■ **What is required**
Starting at the line with "8节视频大课,室内讲理论,室" and ending at the line with "При подходящо рН, температура", print exactly the lines of the entries below. Pictures do not belong in the copy.

■ **Data for this exercise**
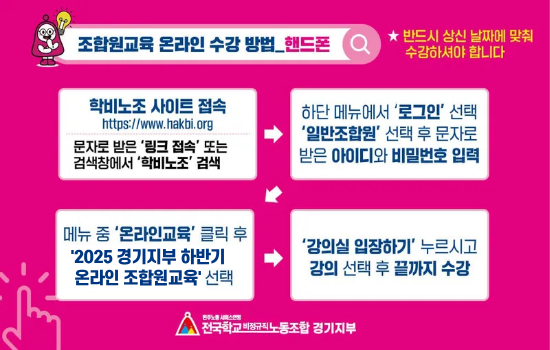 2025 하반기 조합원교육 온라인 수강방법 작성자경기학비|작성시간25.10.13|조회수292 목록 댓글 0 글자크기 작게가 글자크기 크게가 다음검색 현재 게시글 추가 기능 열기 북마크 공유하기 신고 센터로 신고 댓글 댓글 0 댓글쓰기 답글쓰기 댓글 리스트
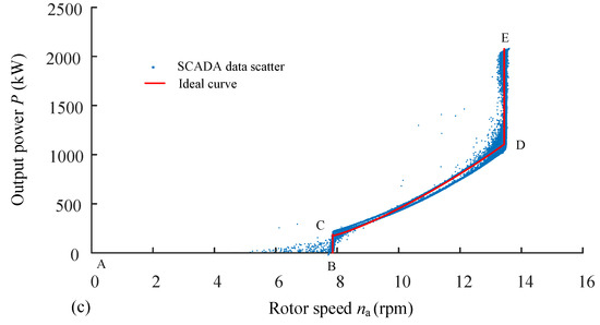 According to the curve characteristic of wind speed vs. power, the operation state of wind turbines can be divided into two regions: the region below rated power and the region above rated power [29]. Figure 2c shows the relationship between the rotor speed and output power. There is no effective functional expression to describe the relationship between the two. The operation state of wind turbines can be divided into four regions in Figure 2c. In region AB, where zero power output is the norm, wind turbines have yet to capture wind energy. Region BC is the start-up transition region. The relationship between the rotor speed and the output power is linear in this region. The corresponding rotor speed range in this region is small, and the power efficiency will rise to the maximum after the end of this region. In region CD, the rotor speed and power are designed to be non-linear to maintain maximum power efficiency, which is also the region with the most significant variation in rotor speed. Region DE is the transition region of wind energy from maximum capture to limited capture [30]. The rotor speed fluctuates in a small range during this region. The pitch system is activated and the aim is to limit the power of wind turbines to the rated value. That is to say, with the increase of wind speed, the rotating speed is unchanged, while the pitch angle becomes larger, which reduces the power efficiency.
---
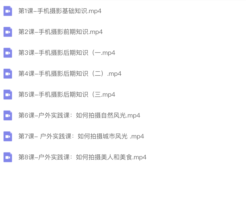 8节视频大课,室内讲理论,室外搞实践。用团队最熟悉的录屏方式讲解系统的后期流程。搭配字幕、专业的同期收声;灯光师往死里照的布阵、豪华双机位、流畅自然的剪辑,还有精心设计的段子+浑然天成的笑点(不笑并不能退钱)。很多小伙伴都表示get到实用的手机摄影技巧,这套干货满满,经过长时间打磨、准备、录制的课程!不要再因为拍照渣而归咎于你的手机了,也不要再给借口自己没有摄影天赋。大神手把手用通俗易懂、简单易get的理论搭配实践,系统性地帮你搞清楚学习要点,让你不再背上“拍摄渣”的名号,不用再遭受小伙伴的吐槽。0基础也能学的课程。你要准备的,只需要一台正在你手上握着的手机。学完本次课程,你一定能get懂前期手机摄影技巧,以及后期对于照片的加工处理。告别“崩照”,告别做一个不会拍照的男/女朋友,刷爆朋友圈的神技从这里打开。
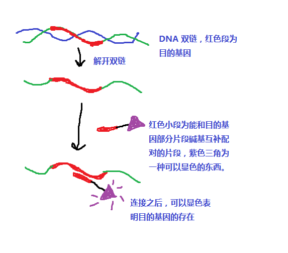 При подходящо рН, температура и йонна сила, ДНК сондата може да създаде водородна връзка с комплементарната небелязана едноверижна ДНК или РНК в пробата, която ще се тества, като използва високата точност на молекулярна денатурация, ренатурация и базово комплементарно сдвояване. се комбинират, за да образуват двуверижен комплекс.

■ **Worked solution**
 8节视频大课,室内讲理论,室外搞实践。用团队最熟悉的录屏方式讲解系统的后期流程。搭配字幕、专业的同期收声;灯光师往死里照的布阵、豪华双机位、流畅自然的剪辑,还有精心设计的段子+浑然天成的笑点(不笑并不能退钱)。很多小伙伴都表示get到实用的手机摄影技巧,这套干货满满,经过长时间打磨、准备、录制的课程!不要再因为拍照渣而归咎于你的手机了,也不要再给借口自己没有摄影天赋。大神手把手用通俗易懂、简单易get的理论搭配实践,系统性地帮你搞清楚学习要点,让你不再背上“拍摄渣”的名号,不用再遭受小伙伴的吐槽。0基础也能学的课程。你要准备的,只需要一台正在你手上握着的手机。学完本次课程,你一定能get懂前期手机摄影技巧,以及后期对于照片的加工处理。告别“崩照”,告别做一个不会拍照的男/女朋友,刷爆朋友圈的神技从这里打开。
 При подходящо рН, температура и йонна сила, ДНК сондата може да създаде водородна връзка с комплементарната небелязана едноверижна ДНК или РНК в пробата, която ще се тества, като използва високата точност на молекулярна денатурация, ренатурация и базово комплементарно сдвояване. се комбинират, за да образуват двуверижен комплекс.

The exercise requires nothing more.